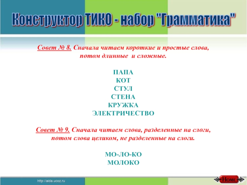 Совет № 9. Сначала читаем слова, разделенные на слоги,
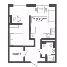 • Общая площадь: 43 м²
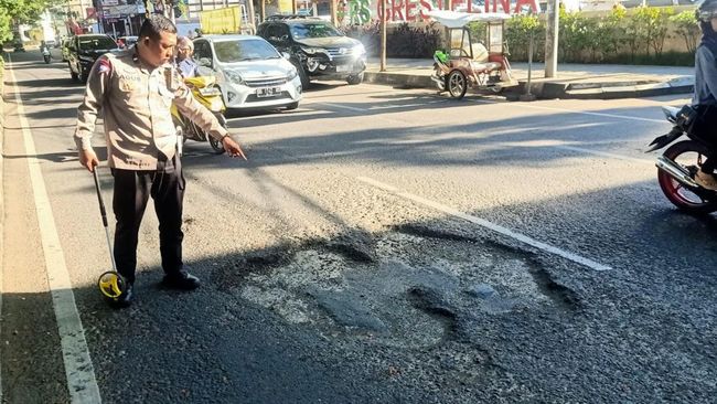 "Ya (banyak laporan lakalantas karena jalan rusak). Coba kita UP dulu Balai Jalan Provinsi atau (Dinas) Pekerjaan Umum," ujar Kompol Mamat, Minggu (12/5).
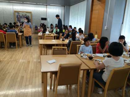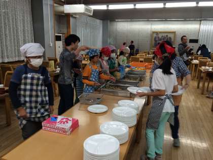 川場移動教室に来て、初めての朝食です。食事係が一生けん命がんばっていました。(6月30日)

■ ■ ■ ■

Task statement:
Everything in the material above must be repeated exactly, apart from its pictures.

Exercise answer:
 Совет № 9. Сначала читаем слова, разделенные на слоги,
 • Общая площадь: 43 м²
 "Ya (banyak laporan lakalantas karena jalan rusak). Coba kita UP dulu Balai Jalan Provinsi atau (Dinas) Pekerjaan Umum," ujar Kompol Mamat, Minggu (12/5).
 川場移動教室に来て、初めての朝食です。食事係が一生けん命がんばっていました。(6月30日)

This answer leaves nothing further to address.